Yes. My hand, so careful, was not legible to Mumas. I scribbled, and ought to copy it all out again. I was his lord’s slave and foisted, not requested…
And so, prettily, Mumas could introduce himself. But I merited no acknowledgment.
I bore all that, and that no speech of mine could be answered by other than a snap, or a sneer, or a long quiet space of busyness, of attending to the important…a bit of lint on his sleeve that wanted picking, a question of whether he’d heard his name called, a craning of the neck, this way and that. Absently, then (perhaps with a mild start), what was I staring at?
My Lord Deputy, shall I repeat myself?
I would never have complained.
I had a fondness for Cime and Pytta. I should have been sorry…crushed, I own it…if something I had done, or that they feared I might, reduced our exchanges to a rubbing friction. But what had I ever expected of Mumas?
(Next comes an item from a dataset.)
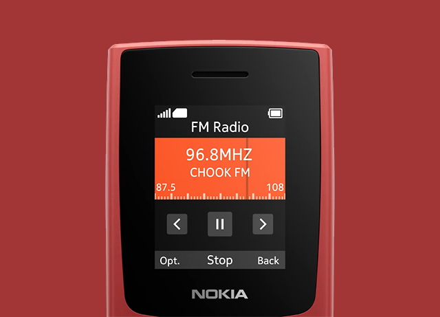 Хотите быть в курсе последних событий? С Nokia 106 это очень просто. Телефон имеет встроенное беспроводное FM-радио, которое работает как с гарнитурой, так и без нее. Благодаря этому вы можете слушать выпуски новостей во время утренней поездки на работу или наслаждаться прослушиванием любимой радиостанции дома.
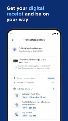 Use the Chevron app to pay for gas or diesel from the comfort of your driver’s seat for a seamless and simple experience at the pump! Also take advantage of the Chevron Texaco Rewards program to earn points on fuel and select in-store purchases for fuel discounts at participating stations. Where available, our Rewards program now includes the ExtraMile Rewards® program with new benefits and greater convenience. Must be 16 years or older to join.

This was as I saw it. That we walked together for a time, and that I would soon walk another way. That my stolid bearing of his companionship was a stepping stone, in its fashion.
My lady had given me Lom…that is, my fellow slave’s freedom for the afternoon; she spared him, who had taken back my role of sweeping the garden walk, and my broom.
“Cime,” she told me, “puts his faith in you.”
These were modest words. Her sideways look and rueful mouth said more. We were sharing a joke…to a degree…but also she counted, and hoped to counter, the possibility of her husband’s failure.
“Yes, have Lom!” She laughed now. “And tell me if you need any other thing.”
I was not certain I needed Lom, but Cime had suggested a foil. I thought this sound. I trusted Lom, both for his sense, and his good heart. He was that one I had told you of earlier, the first to speak to me the day I was wedged into my new quarters.
“I’ll teach you letters, if you like,” I said. “As a way of passing time.”
My plan was to make a memory story to suit each figure I would draw for Lom on my tablet. To include him actively, without his knowing of my other purpose. I had learned several means of divination that depended on the arrangement of characters; I had a bag of tiles with all of them. One etched a design, a hex, a circle-in-square, or arrangement of triangles, then drew a tile for each point, each intersecting line.
The game was irresistible enough to me. For Lord Sente, I hoped, guessing (in the ordinary way) that he had debts, or secret expenses, a forecast of his prospects must tempt him out-of-doors.
We came to the bench under the olive tree. We petitioners were dwarfed here also by the porches of the four manor houses, all connected by a running colonnade, transiting from style to style. The tiling underfoot, for those invited to mount the steps, was first a plain black marble, columns crimson (a potent combination that thrilled me, though I knew nothing of the owner); next, a glazed terra-cotta, stamped for the treading upon with a smiling sun, a verdigris sun in bronze over the portico, columns all trained with vines; then came the house of Oc’Marasas, carved on every surface with stories of the general’s great battles won, stern bone-colored marble withall…and Sente’s house, aloof in unadornment, mere fieldstone.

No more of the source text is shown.